Published online Mar 27, 2024. doi: 10.4240/wjgs.v16.i3.807
Peer-review started: October 24, 2023
First decision: December 15, 2023
Revised: January 13, 2024
Accepted: February 7, 2024
Article in press: February 7, 2024
Published online: March 27, 2024
Processing time: 150 Days and 9.1 Hours
Ostomy is a common surgery usually performed to protect patients from clinical symptoms caused by distal anastomotic leakage after colorectal cancer (CRC) surgery and perforation or to relieve intestinal obstruction.
To analyze the complications after transverse colostomy closure.
Patients who underwent transverse colostomy closure from Jan 2015 to Jan 2022 were retrospectively enrolled in a single clinical center. The differences between the complication group and the no complication group were compared. Logistic regression analyses were conducted to find independent factors for overall complications or incision infection.
A total of 102 patients who underwent transverse colostomy closure were enrolled in the current study. Seventy (68.6%) patients underwent transverse colostomy because of CRC related causes. Postoperative complications occurred in 30 (29.4%) patients and the most frequent complication occurring after transverse colostomy closure was incision infection (46.7%). The complication group had longer hospital stays (P < 0.01). However, no potential risk factors were identified for overall complications and incision infection.
The most frequent complication occurring after transverse colostomy closure surgery in our center was incision infection. The operation time, interval from transverse colostomy to reversal, and method of anastomosis might have no impact on the postoperative complications. Surgeons should pay more attention to aseptic techniques.

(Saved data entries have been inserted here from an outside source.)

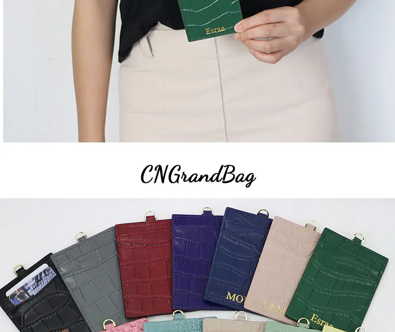 Новинка, рельефный держатель для карт из крокодиловой кожи для мужчин и женщин, держатель для ID-карт, кожаные монограммные буквы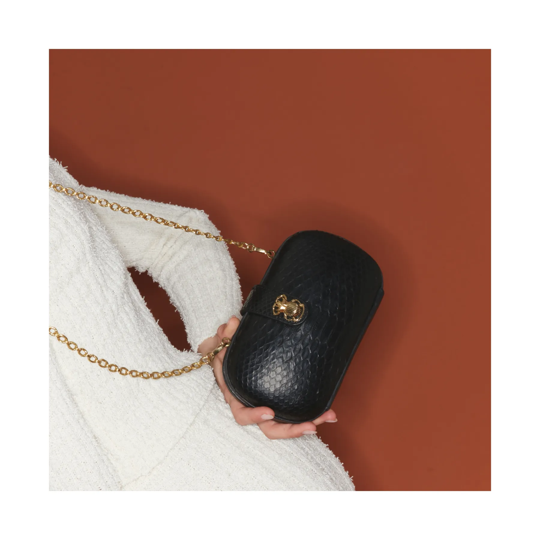 Notre mini sac Chiara est idéal pour accompagner vos soirées. Cette minaudière aux lignes douces et élégantes peut être portée main ou avec sa chaîne et il est doté d’un fermoir bijou ainsi que d’une chaîne artisanale. Il est organisé en un seul compartiment et s’adaptera en fonction de vos envies et saura discrètement habiller votre tenue pour toutes les occasions.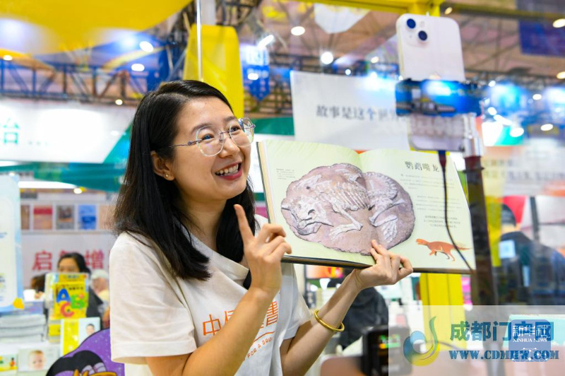 10月13日,在位于成都市世纪城新国际会展中心的2023天府书展主展场,工作人员在直播售卖图书。新华社记者 唐文豪 摄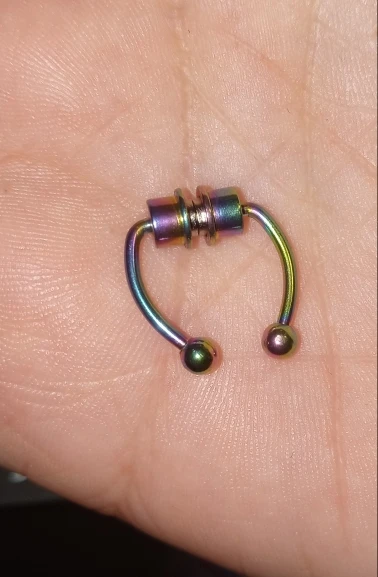 This magnetic septum ring came exactly as you see on this listing however it's not very magnetic at all. The one I recieved is also very crooked as well. I was actually quite dosappointed in this product.To get it to actually work I had to put it in an area in my nose way higher than a real septum piercing would be. Even then though it was basically hanging by a thread. The lightest touch or movement would make it fall apart. If this had been a stronger magnet then it probably would have worked pretty well. Unfortunately it's completely useless because of it's weak magnet. so disappointing. No communication with seller.

Core Tip: The current study was conducted to analyze the complications after transverse colostomy closure. A total of 102 patients who underwent transverse colostomy closure were enrolled in the current study. The complication group had longer hospital stay. However, no potential risk factor was identified for overall complications and incision infection. The most frequent complication occurring after transverse colostomy closure surgery in our center was incision infection. Operation time, interval from transverse colostomy to reversal and methods of anastomosis might have no impact on the postoperative complications. Surgeons should pay more attention to aseptic techniques.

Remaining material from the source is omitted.